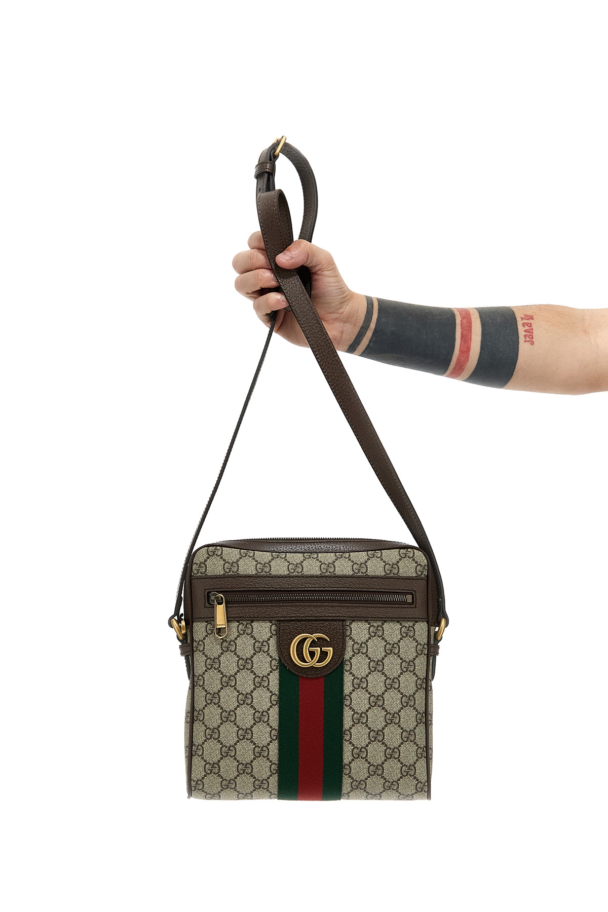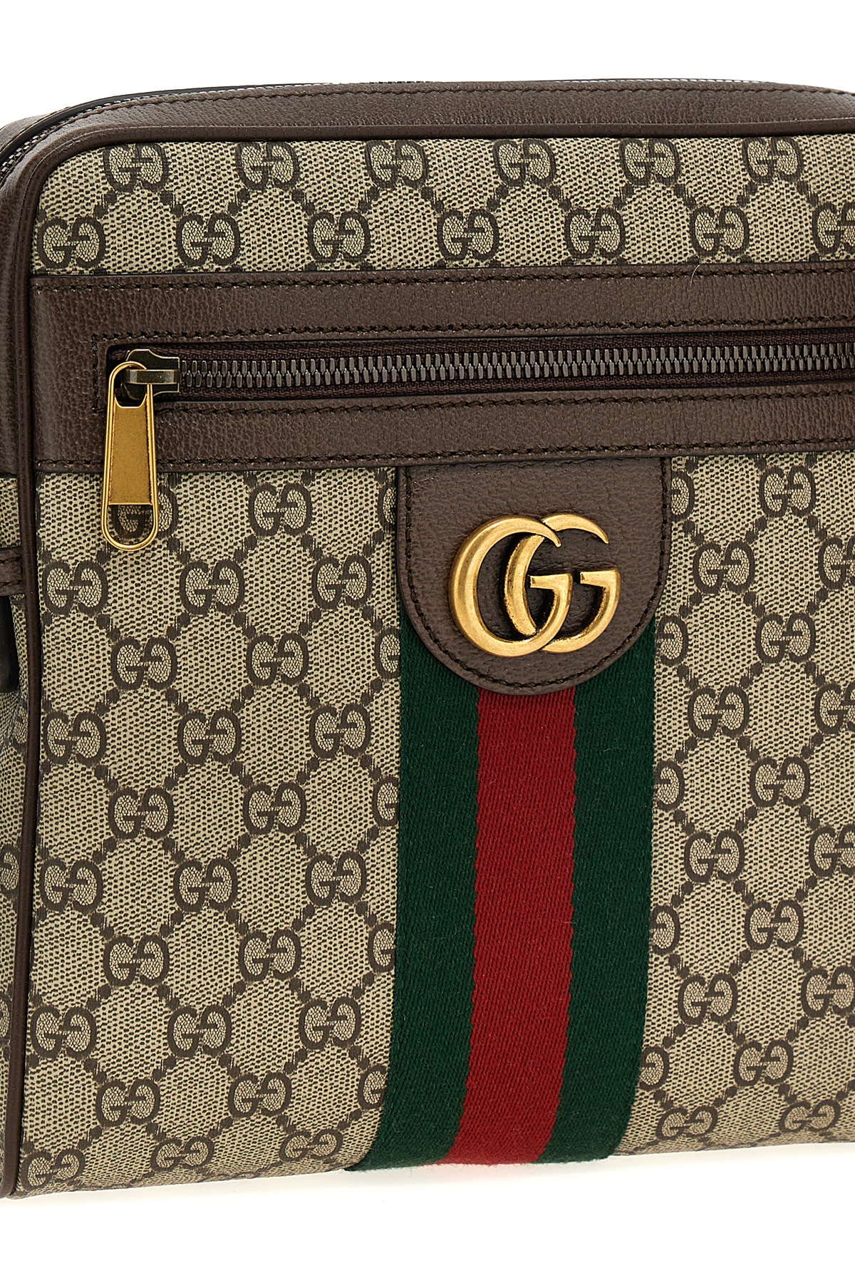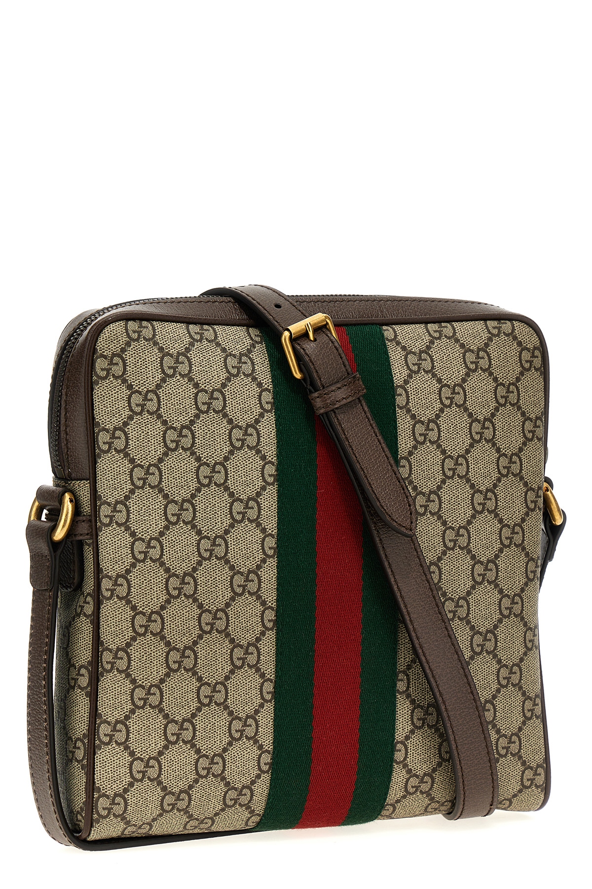 Small 'Ophidia GG' shoulder bag in beige and ebony GG Supreme fabric, material with reduced environmental impact, with brown leather trim, red and green web ribbon, antique gold-colored finishes, open internal pocket. double G. front zip pocket, inside zip pocket, adjustable leather shoulder strap, zip closure, cotton and linen lining. In a mix of the Maison's distinctive codes, such as the GG motif and the Web ribbon, the Ophidia line is enriched with new shapes. A versatile model originally inspired by couriers, postmen and deliverymen, in the 1980s the shoulder bag became a cult accessory on the streetwear scene.
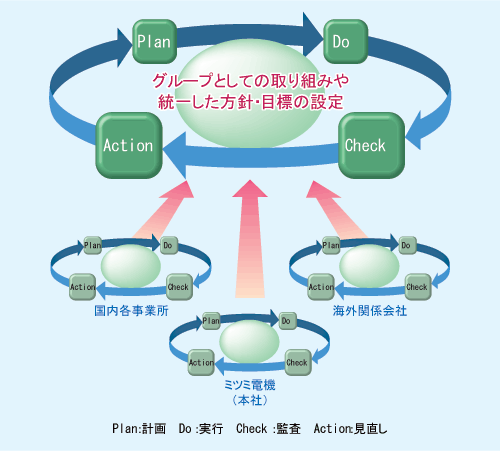 ミツミグループでは、生産活動の大半を海外で行っており、環境保護推進活動を行っていくためには、国内各事業所はもちろんのこと海外関係会社を含めた環境マネジメント体制の構築と継続的改善が不可欠です。 近年の環境問題は、地球温暖化現象、オゾン層破壊、有害化学物質の使用、廃棄物の不法投棄、生物多様性など、国境を越えた地球規模の問題にまで拡大し、我々の企業活動にも多大な影響を及ぼしています。そこで、ミツミグループは国内各事業所と海外生産拠点全てで、ISO14001のグローバル認証の取得を進めており、2010年12月19日にグローバル認証を取得しました。 ミツミグループ全体でのPDCA(Plan-Do-Check-Action)のサイクルにより、グループとしての統一的な活動方針や活動内容を周知徹底しています。さらに、国内各事業所や海外関係会社においてはISO14001のマネジメントシステムに則り、PDCAサイクルを回しながらそれぞれの活動領域に見合った環境保護推進活動を行っています。 |
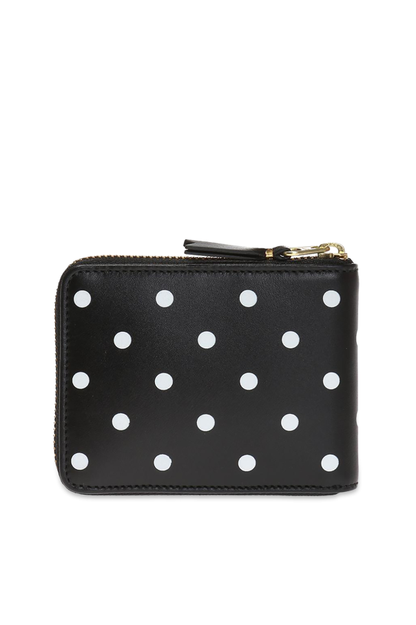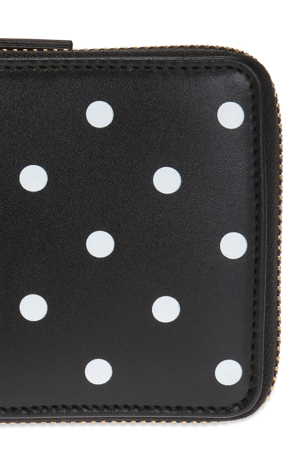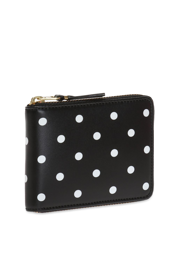 Black wallet featuring white polka dot pattern from Comme de Garçons. Made of cow leather. Zip-around fastening. Interior has bills compartment, 1 snap fastening coins pocket, 1 slip pocket and 3 card slots. Gold-tone metal hardware.
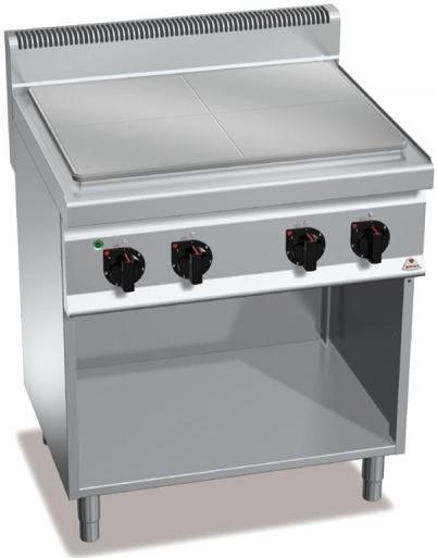 Плита электрическая E7TPM настольная со сплошной поверхностью, 4 зоны нагрева. Рабочая поверхность и фронтальные панели из нержавеющей стали AISI 304. Поверхность из специальной стали большой толщины с 4 независимыми варочными зонами. Разогрев осуществляется спиральными ТЭНами, закрепленными под пластиной и включаемыми с помощью регуляторов энергии. Электрический индикатор функционирования. Регулируемые ножки (мобильная версия).

- **YOUR INSTRUCTIONS**
What the task needs is the material above repeated exactly, pictures excepted.

- **RESPONSE TO THE EXERCISE**
 Small 'Ophidia GG' shoulder bag in beige and ebony GG Supreme fabric, material with reduced environmental impact, with brown leather trim, red and green web ribbon, antique gold-colored finishes, open internal pocket. double G. front zip pocket, inside zip pocket, adjustable leather shoulder strap, zip closure, cotton and linen lining. In a mix of the Maison's distinctive codes, such as the GG motif and the Web ribbon, the Ophidia line is enriched with new shapes. A versatile model originally inspired by couriers, postmen and deliverymen, in the 1980s the shoulder bag became a cult accessory on the streetwear scene.
 ミツミグループでは、生産活動の大半を海外で行っており、環境保護推進活動を行っていくためには、国内各事業所はもちろんのこと海外関係会社を含めた環境マネジメント体制の構築と継続的改善が不可欠です。 近年の環境問題は、地球温暖化現象、オゾン層破壊、有害化学物質の使用、廃棄物の不法投棄、生物多様性など、国境を越えた地球規模の問題にまで拡大し、我々の企業活動にも多大な影響を及ぼしています。そこで、ミツミグループは国内各事業所と海外生産拠点全てで、ISO14001のグローバル認証の取得を進めており、2010年12月19日にグローバル認証を取得しました。 ミツミグループ全体でのPDCA(Plan-Do-Check-Action)のサイクルにより、グループとしての統一的な活動方針や活動内容を周知徹底しています。さらに、国内各事業所や海外関係会社においてはISO14001のマネジメントシステムに則り、PDCAサイクルを回しながらそれぞれの活動領域に見合った環境保護推進活動を行っています。 |
 Black wallet featuring white polka dot pattern from Comme de Garçons. Made of cow leather. Zip-around fastening. Interior has bills compartment, 1 snap fastening coins pocket, 1 slip pocket and 3 card slots. Gold-tone metal hardware.
 Плита электрическая E7TPM настольная со сплошной поверхностью, 4 зоны нагрева. Рабочая поверхность и фронтальные панели из нержавеющей стали AISI 304. Поверхность из специальной стали большой толщины с 4 независимыми варочными зонами. Разогрев осуществляется спиральными ТЭНами, закрепленными под пластиной и включаемыми с помощью регуляторов энергии. Электрический индикатор функционирования. Регулируемые ножки (мобильная версия).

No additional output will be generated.